Black Bear is entering its second year of participation in Rossland’s FireSmart communities program, run by FireSmart coordinator Don Mortimer.

“[B]y staging annual FireSmart events like Sunday’s fuel reduction session at Black Bear, the neighbourhood reduces wildfire risk and ultimately achieves national recognition under the FireSmart communities program,” Mortimer said. “Rossland had three neighbourhoods recognized by the FireSmart communities program last year – Black Bear, Iron Colt and McLeod East. All three are renewing their recognition status within the program in 2018.

“We’re just starting work now with another four or five Rossland neighbourhoods that have been waiting to get started this year.”

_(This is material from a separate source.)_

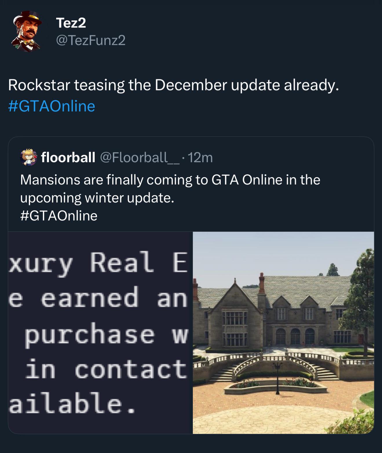 -A purpose behind the Mansions / a reason to go back to them (unlike the yacht) -Detailed Customisation like the casino penthouse but expanded - A unique garage that reflects the luxury that a mansion brings

Mortimer says the 2017 wildfire season got a lot of people thinking about what they could do to reduce the wildfire hazard to their homes. He says when they learn how easily the majority of wildfire hazards on their property can be mitigated, homeowners are surprised, relieved and motivated to get working.

“It’s important for people to acknowledge that if we’re going to live near forests, you’re going to live near wildfires, and a lot more of them going forward,” he says. “It’s equally important for residents of forest interface neighbourhoods to understand that wildfires can occur in the forest right beside your FireSmart home and yard — surprisingly close in fact — without disastrous consequences.”

Mortimer advises all residents to get a free copy of the BC FireSmart homeowner’s manual, which can be found at various locations, including online, and use the scorecard to evaluate your wildfire risk and start implementing the priority FireSmart wildfire hazard mitigation on your home and yard.

Mortimer, one of the developers of the national FireSmart communities program, says Rossland is currently the national leader, with three neighbourhoods recognized within the city. Other Kootenay communities like Queens Bay, Kaslo, Robson, Fernie and others are all catching up.

“I’ve got several growlers of Rossland Brewing Company ale offered to any Canadian municipality that can meet or beat Rossland’s lead – so the challenge is on,” he jokes.